Tony Wang

Posted on Jun 12, 2023

A Step-by-Step Guide to Building a Scalable Distributed Crawler for Scraping Millions of Top TikTok Profiles

#tiktok #crawler #go #k8s

Support me on (Patreon)[https://www.patreon.com/tonywang_dev] to write more tutorials like this!

Introduction
In this tutorial, we will walk you through the process of building a distributed crawler that can efficiently scrape millions of top TikTok profiles. Before we embark on this tutorial, it is crucial to have a solid grasp of fundamental concepts like web scraping, the Golang programming language, Docker, and Kubernetes (k8s). Additionally, being familiar with essential libraries such as Golang Colly for efficient web scraping and Golang Gin for building powerful APIs will greatly enhance your learning experience. By following this tutorial, you will gain insight into building a scalable and distributed system to extract profile information from TikTok.

Developing a Deeper Understanding of the Website You Want to Scrape.
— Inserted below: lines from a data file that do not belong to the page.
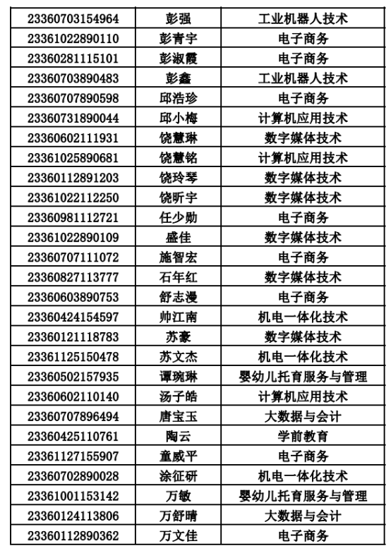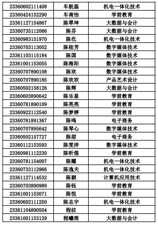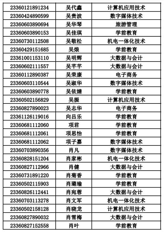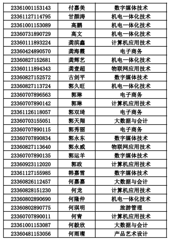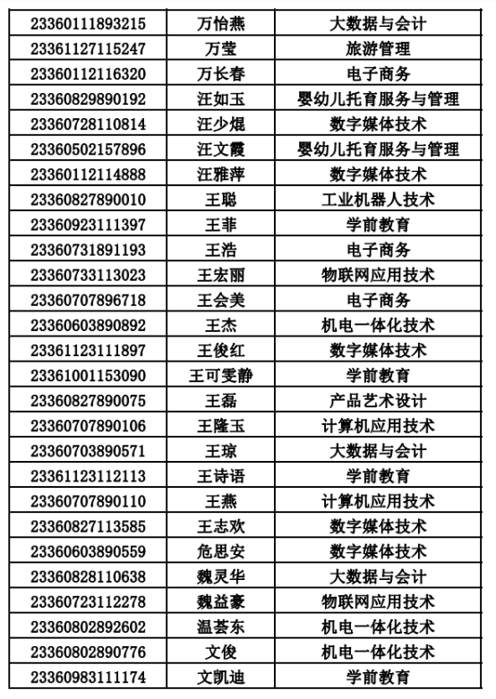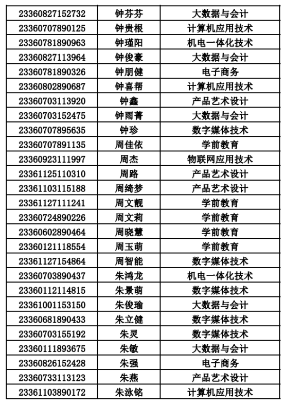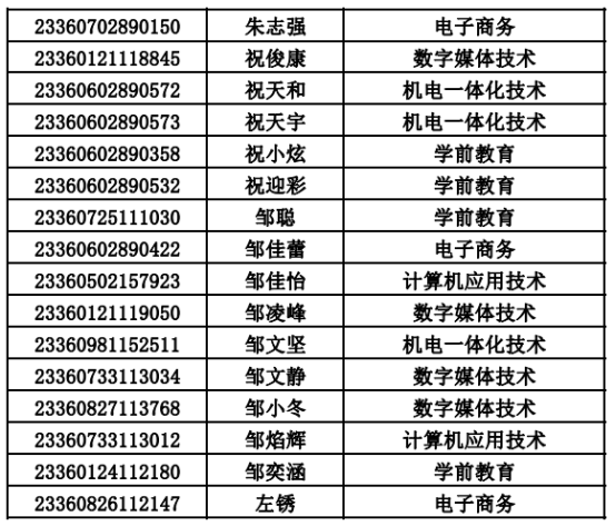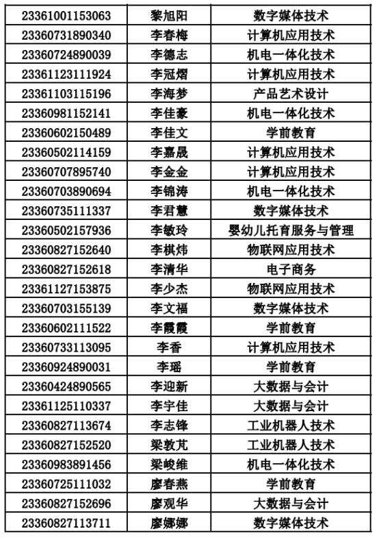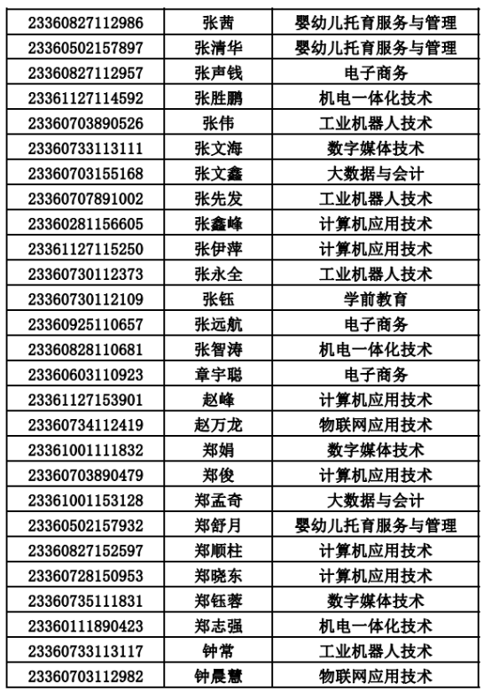 2023年单招录取已经结束,录取通知书将于4月20日之前统一寄出,现将录取名单公布。名单以姓名首字母(a-z)排序:
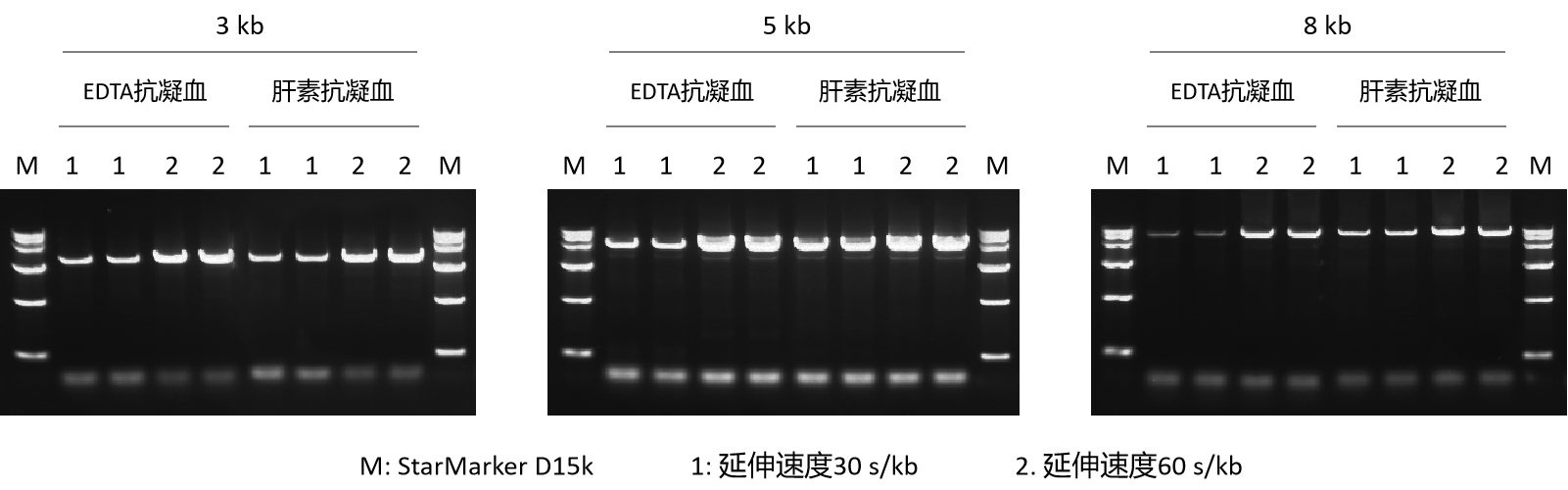 以抗凝劑為 EDTA 的人抗凝血為模板,使用 A161 對(duì)不同長度 DNA 片段進(jìn)行 PCR 擴(kuò)增。電泳檢測結(jié)果顯示,A161 對(duì)不同大小的片段擴(kuò)增能力均較強(qiáng),可以高效擴(kuò)增長達(dá) 8 kb 的片段。
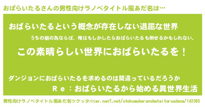 | 胡散臭い通販商品みたいなあだ名 | 『あなたにだけ特別に提供する100年もののヴィンテージワイン…その名も「おばらいたる」』 |

Before delving into writing the code, it is imperative to thoroughly analyze and understand the structure of TikTok’s website. To facilitate this process, we recommend using the convenient “Quick Javascript Switcher” Chrome plugin, available here. This invaluable tool allows you to disable and re-enable JavaScript with a single mouse-click. By doing so, we aim to optimize our scraping workflow, to increase efficiency, and to minimize costs by minimizing the reliance on JavaScript rendering.

Upon disabling JavaScript using the plugin, we will focus our attention on TikTok’s profile page — the specific page we aim to scrape. Analyzing this page thoroughly will enable us to gain a comprehensive understanding of its underlying structure, crucial elements, and relevant data points. By examining the HTML structure, identifying key tags and attributes, and inspecting the network requests triggered during page loading, we can unravel the essential information we seek to extract.

Furthermore, by scrutinizing the structure and behavior of TikTok’s profile page without the interference of JavaScript, we can ensure our scraper’s efficiency and effectiveness. Bypassing the rendering of JavaScript code allows us to directly target the necessary HTML elements and retrieve the desired data swiftly and accurately.

Imagine visiting a TikTok profile, such as “https://www.tiktok.com/@linisflorez09" with JavaScript enabled. You would witness approximately 300 requests being made, resulting in a whopping transfer of 10MB of data. Loading the entire page, complete with CSS style files, JavaScript files, images, and videos, takes roughly 5 seconds. Now, let’s put this into perspective: if we aim to scrape millions of data records, the total number of requests would skyrocket into the billions, while the data package would amass to over ten Terabytes. And that’s not even factoring in the computing resources consumed by headless Chrome instances. This proactive approach not only streamlines the scraping process, but also helps mitigate unnecessary expenses, ultimately saving you, your boss, or your customers substantial amounts of money.

It is crucial to acknowledge the monumental task at hand when dealing with such large-scale data scraping operations. By investing time and effort into analyzing the webpage upfront, we can discover innovative ways to extract the desired data while minimizing the number of requests, reducing data transfer size, and optimizing resource utilization. This strategic approach ensures that our scraping process is not only efficient but also cost-effective.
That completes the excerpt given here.